Introduction
Life is unpredictable; you need to prepare for it to secure your loved ones. A term insurance plan is an affordable and simple way to do so. If you are the breadwinner in your family, consider a higher cover - about 20-25 times your annual income. Term insurance plans help your family maintain their lifestyle, fund future goals, or pay off loans even in your absence. This article will answer the question of who actually needs term insurance and clarify when you should have one.
Is term insurance right for you?
If you are figuring out whether you really need term insurance, the answer totally depends on one question: Would someone suffer financially if you weren’t around?
Term insurance is not limited to the wealthy or elderly; it is for anyone with responsibilities. If you have financial commitments such as education expenses, ageing parents to support, a home loan, or a family that relies on your income, term insurance would be an essential and smart choice for you. However, if you are single with no financial burden and no major liabilities, you may not need insurance yet, but starting at an early age can still lock in low premiums for the future. In brief, anyone who wants to leave behind financial security should consider term insurance.
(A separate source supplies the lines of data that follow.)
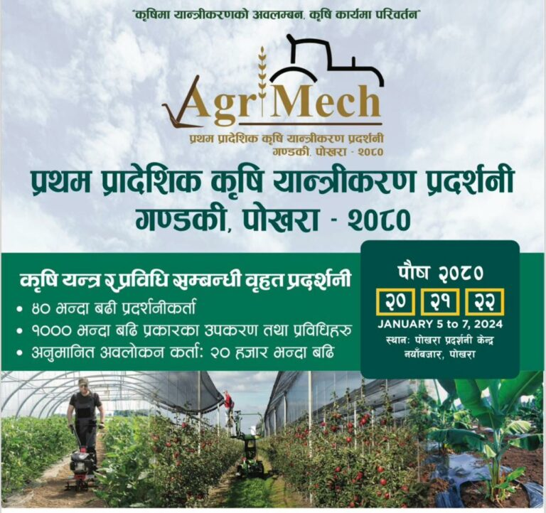 गण्डकी । पोखरामा आजदेखि प्रथम प्रदेशस्तरीय कृषि यान्त्रीकरण प्रदर्शनी सुरु हुने भएको छ । कृषि पूर्वाधार विकास तथा कृषि यान्त्रीकरण प्रवर्द्धन केन्द्र, गण्डकी प्रदेशको कृषि विकास निर्देशनालय, पोखरा महानगरपालिका र नेपाल कृषि मेसिनरी व्यवसायी सङ्घको संयुक्त आयोजना सञ्चालन हुने प्रदर्शनी आगामी आइतबारसम्म चल्नेछ ।
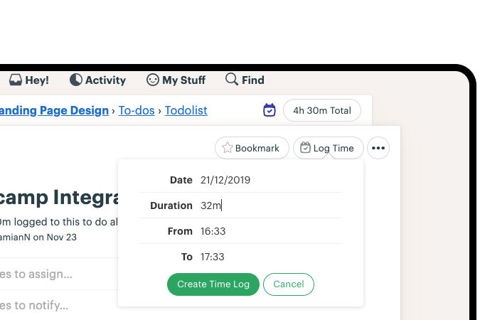 Add time tracking to any project directly in Basecamp
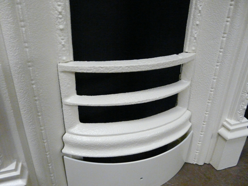 Pretty Victorian bedroom fireplace with half columns decorated with flowers which is repeated on the frieze. Finished in Heirloom White paint. In good condition, complete with new back & grate. From a house in Market Drayton, Shropshire. Circa 1870.
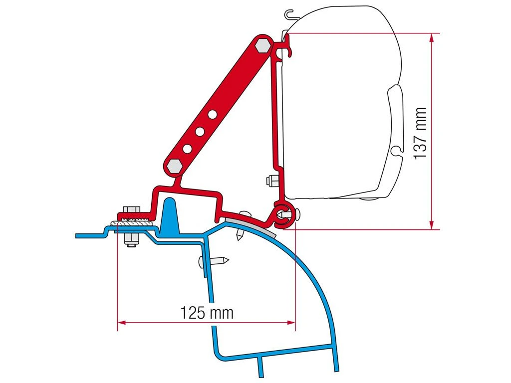 Deze adapter maakt het mogelijk om de Fiamma F45 luifel te bevestigen aan een Renault Master H2, Opel Movano H2 of Nissan Interstar H2 vanaf 1998 t/m 2010. De set bestaat uit 3 beugels van 8 cm.
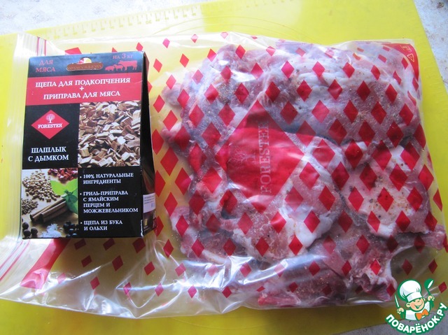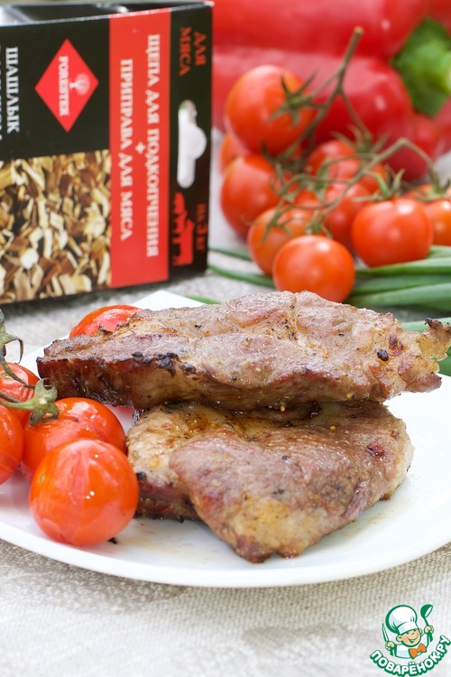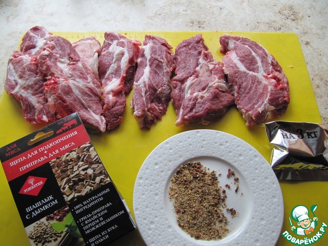 Для приготовления сочного стейка понадобится свежая шейная часть с небольшим содержанием жира и комплект для шашлыка с дымком от Форестер, содержащий гриль-приправы и щепу из бука и ольхи.

Who Should Buy a Term Insurance Plan?
A term plan can be useful for many, including those who are the breadwinners or the ones who make non-monetary contributions to the house. In short, every earning individual should consider term insurance, but here are the people who genuinely need an insurance policy:
Young professionals
Youngsters who have just started their business or a job often think term insurance is for later. But they should consider that if they buy a term plan now, they will lock in a relatively lower premium for their plan. Even if they have no responsibility yet, future obligations and family planning are likely.
Sole breadwinners
When you are the only one in the family financing loans and medical expenses, whether married or unmarried, having a term plan is non-negotiable. The sudden demise of the sole earner will impact their financial stability. As a salaried, freelancer, or self-employed individual, if you have dependents, you should get a term plan.
Married individuals
In marriage, men and women share responsibilities, whether it is creating investments, buying a house, or planning a family. So, if a partner passes away, it drastically affects the surviving partner. Joint or individual policies ensure both partners are financially secure.
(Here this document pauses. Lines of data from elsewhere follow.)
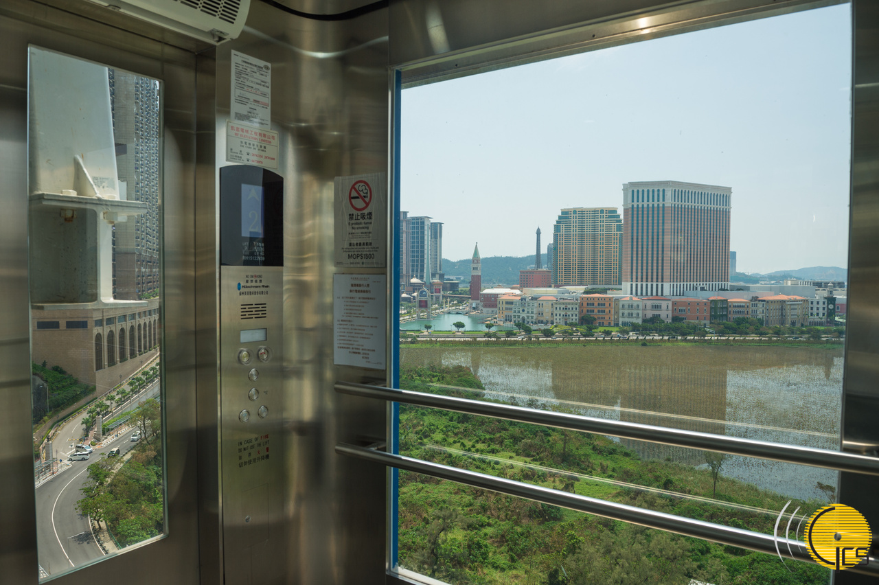 从透明的电梯望出来,可以看到路氹城及红树林全景,风景优美,十分写意。
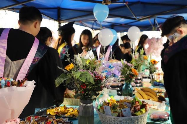 公司经理王竞红代表学院与毕业生代表互换纪念礼物。将带有学院特色的压花封在滴胶中,寓意将东林园林的时光定格成为人生中的美好缩影,希望员工们无论走的多远,都能回忆起在bwin度过的美好时光。毕业生送给学院的是一束代表着四个专业的鲜花,根据学士服垂步颜色不同,分别选取了三种颜色的花作为主花。祝福老师和园林学子们在以后的生活中充满阳光、充满欢乐、幸福安康。
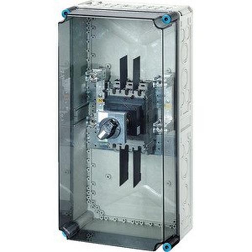 Gehäuse für den Bau von Energie-Schaltgerätekombinationen bis 630 A oder als Einzelgehäuse. Aus hochwertigem Polycarbonat schutzisoliert. Wanddurchführungen mit großen Öffnungen für die elektrische Verbindung der Gehäuse untereinander. Kabeleinführung an allen Gehäusewänden über metrische Vorprägungen oder Anbauflansche. Gehäuse zur Wandbefestigung auch über Außenlaschen oder mit Montageschienen. Gehäuse mit Leistungsschalter 250 A, 3-polig, nach IEC 60947-2. Mit PE- und N-Klemmen für Kupferleiter. Mit Überlast- und Kurzschlussauslöser. Griff des Leistungsschalters abschließbar. Deckelverschlüsse für Werkzeugbetätigung.
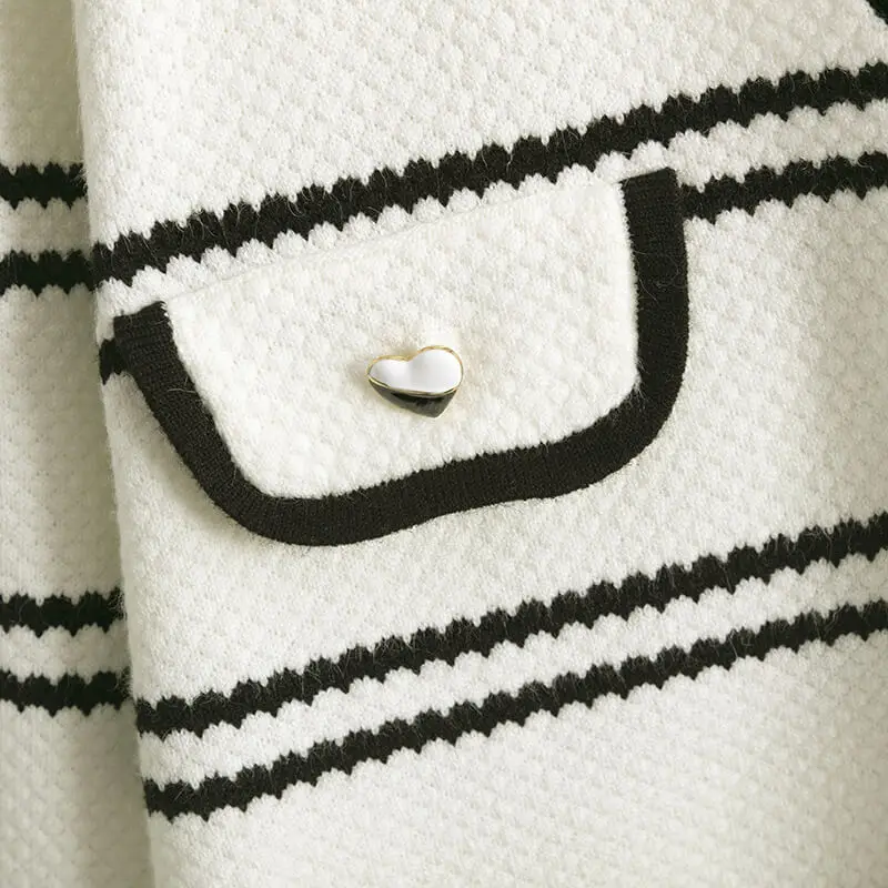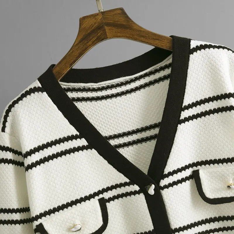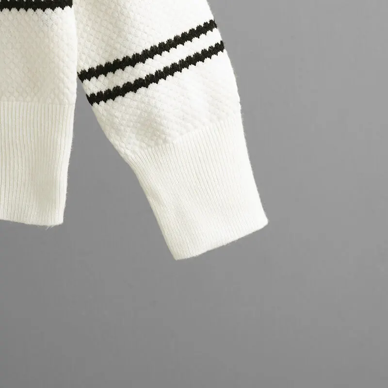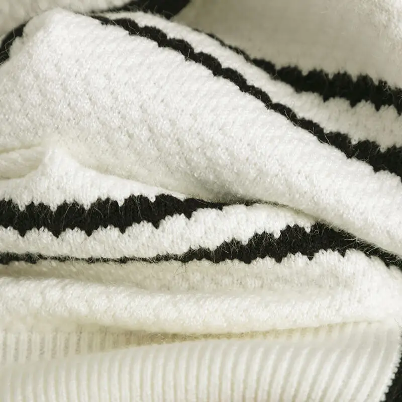 New Autumn And Winter V-neck White Black Striped Lady Knitted Clothes Pullover Knit Sweater
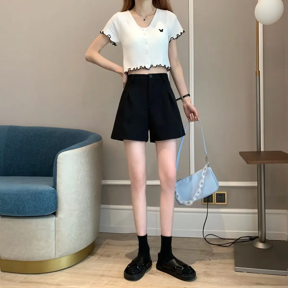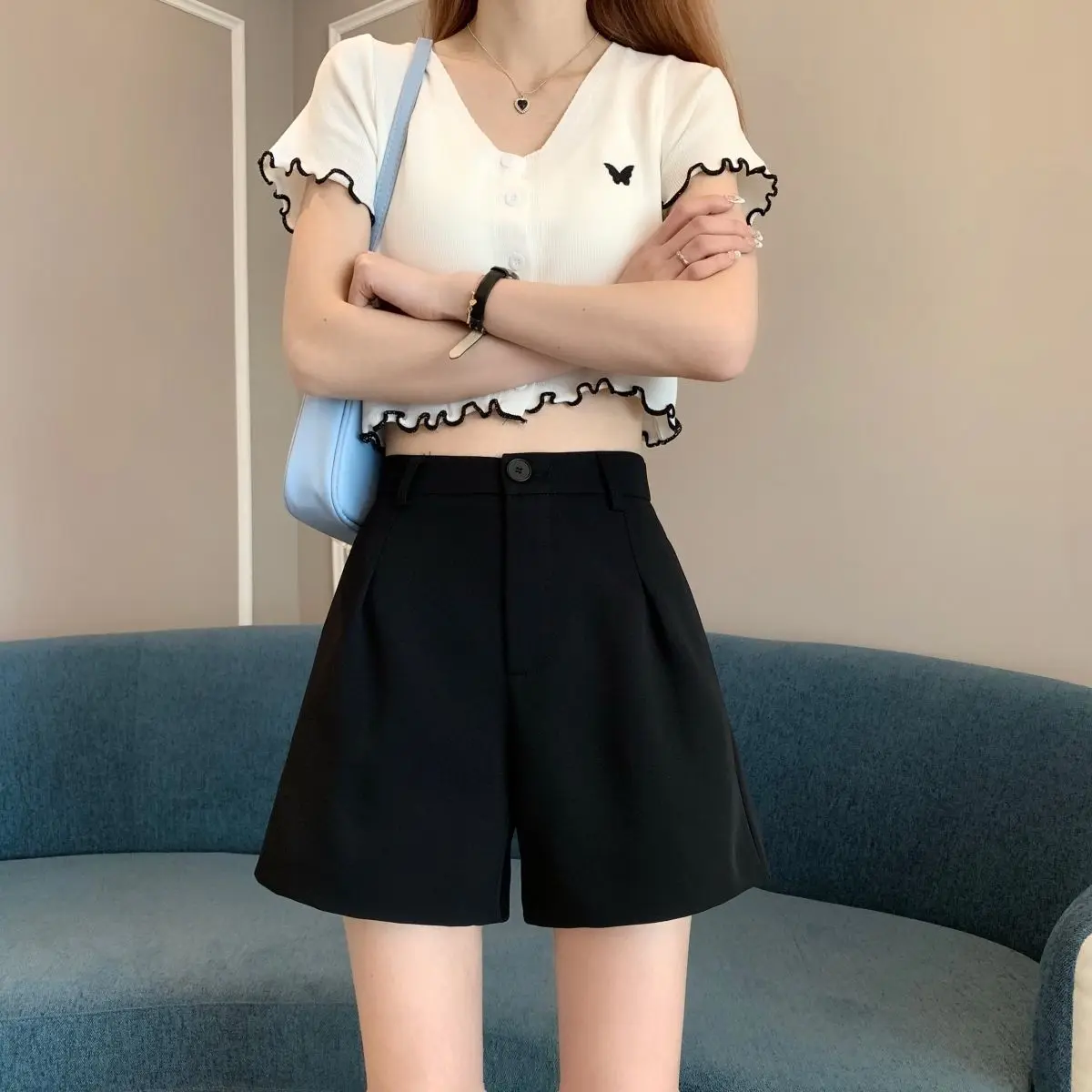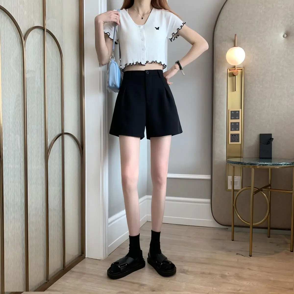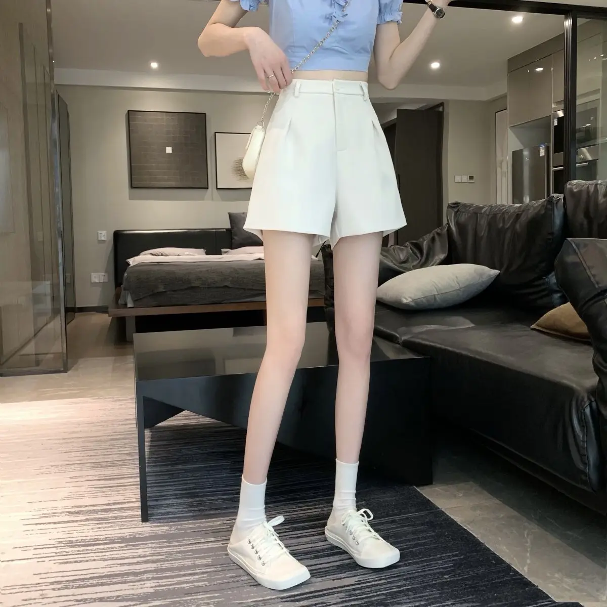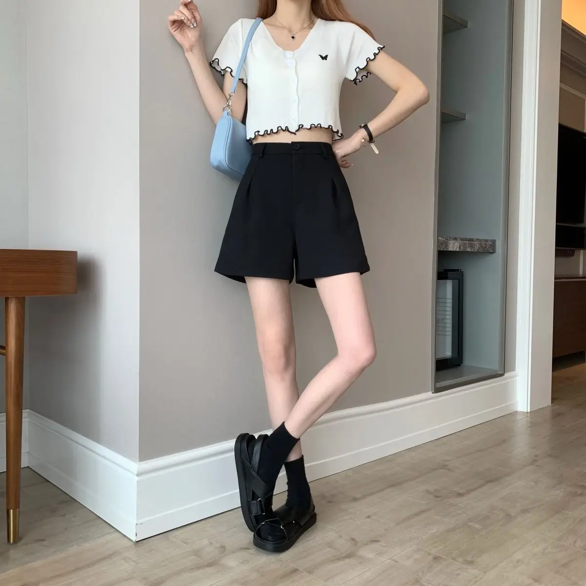 Black Shorts for Women 2025 Summer New Large Size Fat Mm Wide-leg Pants High Waist Outer Wear Versatile A-line Casual Hot Pants

People with loans and liabilities
Most middle-class families need loans to achieve their long-term goals, such as buying a home or a car. If something happens to you, it becomes very difficult for your family to handle the financial burden amidst emotional distress. But when you have a term plan, loans and liabilities can be covered.
Entrepreneurs
Owning a business brings inexplicable joy, but it comes with unsteady income. However, they are liable for business loans and responsible for their financial stability. For them, term insurance will not only protect their families but also provide some security to co-owners, if structured appropriately. The death benefit can also support your business even in your absence.
Single parents
Whether the partner is separated or has died in an unfortunate event, your children would be dependent on you for daily and educational expenses. Therefore, term plans help secure your children’s future with a lump sum amount.
Choosing the right term plan for your needs
- If you are the main earning member in your family, consider a higher cover, 10-15 times your annual income. If you have elderly parents or kids, choose a policy that provides both monthly income and lump sum payouts. Add-ons like an accidental death benefit can also be crucial.
- Entrepreneurs with major business liabilities can name their business partners as nominees, depending on their needs.
- Young professionals can start with a basic term plan that provides a modest coverage amount and long-term protection.
- If you have loans like a home loan, ensure your term policy can cover the outstanding debt amount, so your family is not burdened.
- Term plan premiums qualify for tax deductions under Section 80C, and death benefits are tax-free under Section 10(10D) of the Income Tax Act.
- Select a policy term that is compatible with your long-term financial goals. Ideally, it should cover you until your major financial obligations or expected retirement age, such as when children's education or home loans are complete.
Choosing the right cover amount
Be it an entrepreneur, a single parent, a salaried, self-employed, or sole earner, everyone has only one doubt: how much cover do I really need? The ideal cover amount depends on your debts, income, lifestyle, and the future needs of your family. You can calculate this using methods like:
- Rule of thumb: You should start with 20-25 times your annual income, considering existing debt and future requirements.
For example, if your annual salary is ₹10 lakh, you might consider a term plan of ₹2 crore to ₹2.5 crore. - Use the DIME method: Consider the following factors before taking the plan: Debt, Income Replacement, Mortgage and Education, and Expenses. Here’s an example of how you can calculate the cover needed:
- Loans: ₹30 lakh
- Income Replacement (₹10L x 15 years): ₹1.5 crore
- Education: ₹25 lakh
- Total Cover Needed: ₹2.05 crore
When selecting a term plan, it's important to consider factors such as the claim settlement ratio, solvency ratio, and any beneficial inbuilt features. Ensure these aspects are part of your decision-making process.